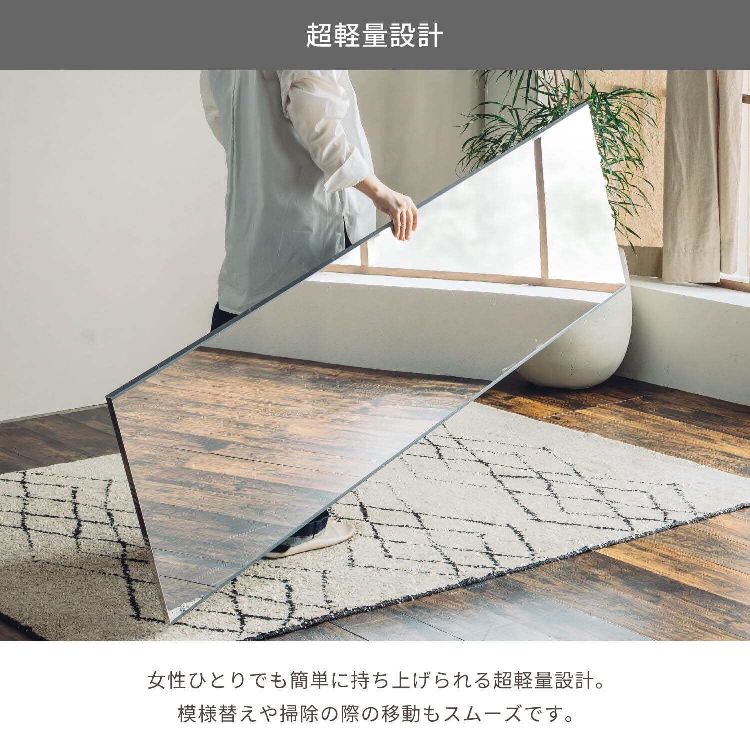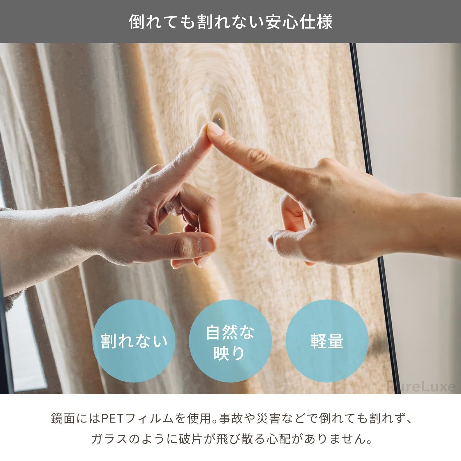 ガラス不使用でお子様やペット、高齢者のいる空間でも安心な割れない全身鏡。軽量&薄型設計で移動や設置も簡単。透明度の高い美しい映りで、日常のコーデチェックやヨガにも最適。選べる4色フレームと7サイズ、床傷防止クッション・壁掛け紐・クリーナークロス付きで快適に使えます。
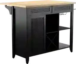 Optimize your entertaining space with this expandable Brickellen kitchen island. Drop-down countertop is perfect for prepping and serving offering a convenient spot to set out drinks and hors doeuvres. Two metal racks organize your stemware while four wine cubbies hold your favorite bottles of Merlot. Serve up storage and prep space where you need it most with this multifunctional island. Customer assembly is required.
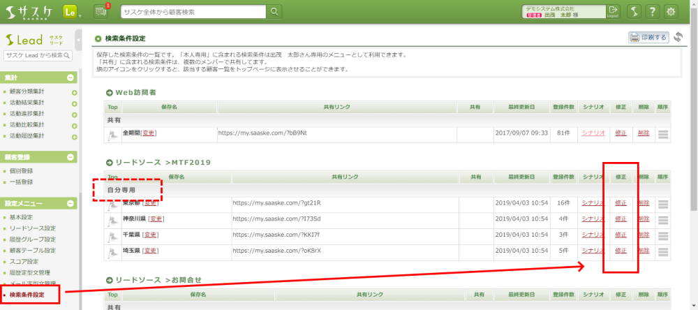 - 左メニュー「検索条件設定」を開き、共有したい検索条件の「修正」をクリックします。

§ Task prompt: Repeat the lines above precisely and skip every picture.

§ Result of this exercise:
 ガラス不使用でお子様やペット、高齢者のいる空間でも安心な割れない全身鏡。軽量&薄型設計で移動や設置も簡単。透明度の高い美しい映りで、日常のコーデチェックやヨガにも最適。選べる4色フレームと7サイズ、床傷防止クッション・壁掛け紐・クリーナークロス付きで快適に使えます。
 Optimize your entertaining space with this expandable Brickellen kitchen island. Drop-down countertop is perfect for prepping and serving offering a convenient spot to set out drinks and hors doeuvres. Two metal racks organize your stemware while four wine cubbies hold your favorite bottles of Merlot. Serve up storage and prep space where you need it most with this multifunctional island. Customer assembly is required.
 - 左メニュー「検索条件設定」を開き、共有したい検索条件の「修正」をクリックします。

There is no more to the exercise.